You can also see how much neater the syntax looks with only one level of nesting needed: taking advantage of Lua’s equivalence between dicts and lists, I’m now just mapping over ipairs(query)
instead of ipairs(query.union)
after checking that union
is true
.
And in keeping with my decision to use sortKey
& sortOrder
as a distinct term from orderBy
before, I’m using uniqueKey
instead of groupBy
as the outer param for what is essentially my application-logic-level groupBy
param for the union query.
Conclusion
This post concludes the short series! We saw how a feature evolved slowly over time:
- Union support was originally added with a verbose syntax, and no
uniqueKey
for merging the queries.
- Grouping support was added later.
- I then improved the syntax (this was ok because it was deployed in only 2 places at the time, and on only one wiki).
- Finally, I added the
index
fix.
The last three steps were condensed into this one post, but in reality they were done over the span of about a month.
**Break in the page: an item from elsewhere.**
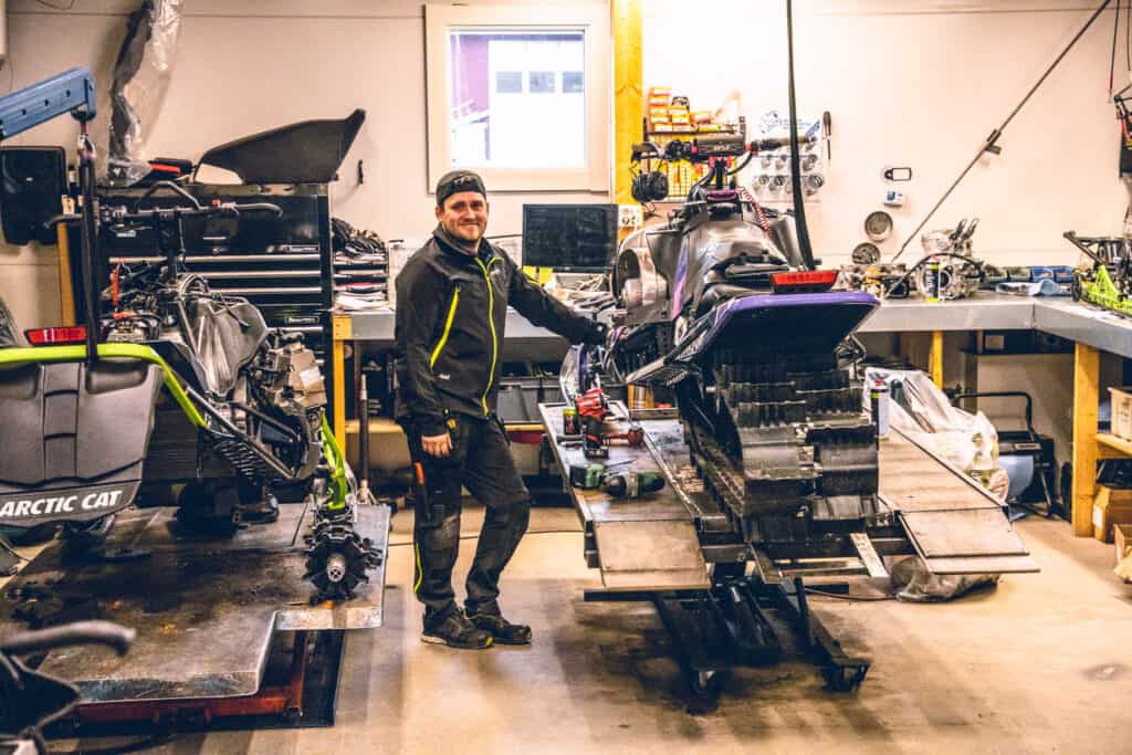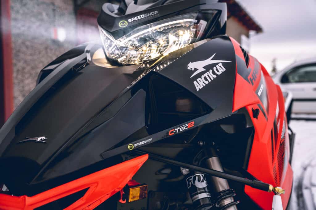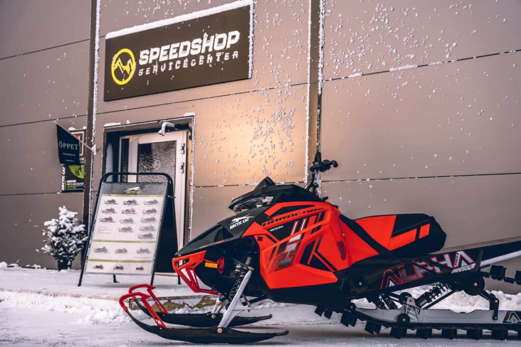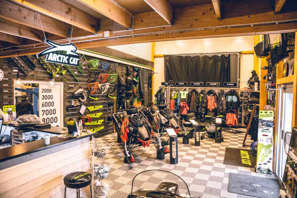 Väl i butiken möts jag av välfyllda hyllor med tillbehör och produkter från Arctic Cat, kläder från Jethwear och Rought concept bakbågar som Speedshop Servicecenter är ensamma om att ta in till Sverige. En riktigt snygg bakbåge som finns till alla snöskotermärken och som förstärker chassit i tunneln.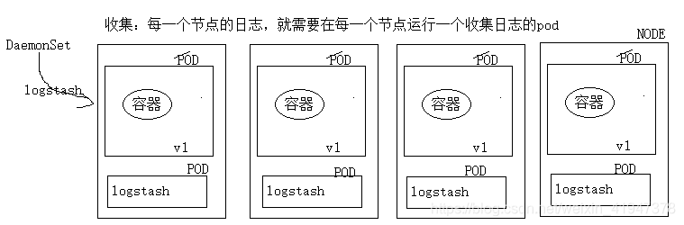 - 2、在每个Node上运行日志收集Daemon,例如:fluentd、logstash.

We also saw a case of an edit where I didn’t have to use this module at all - just because you have a tool doesn’t mean you should rule out making easier fixes when approaching a problem (not everything is a nail!). And I’ve mentioned a couple times the possibility of “splicing” results from separate queries together into a single row - but this is computational complexity that I want to avoid forever and never support if possible.
My Cargo wrapper has been an evolving product over the course of years, and I’m sure its union
support will continue to be improved in the future as well. The important thing is to continue to keep the interface clean, understandable, and backwards-compatible.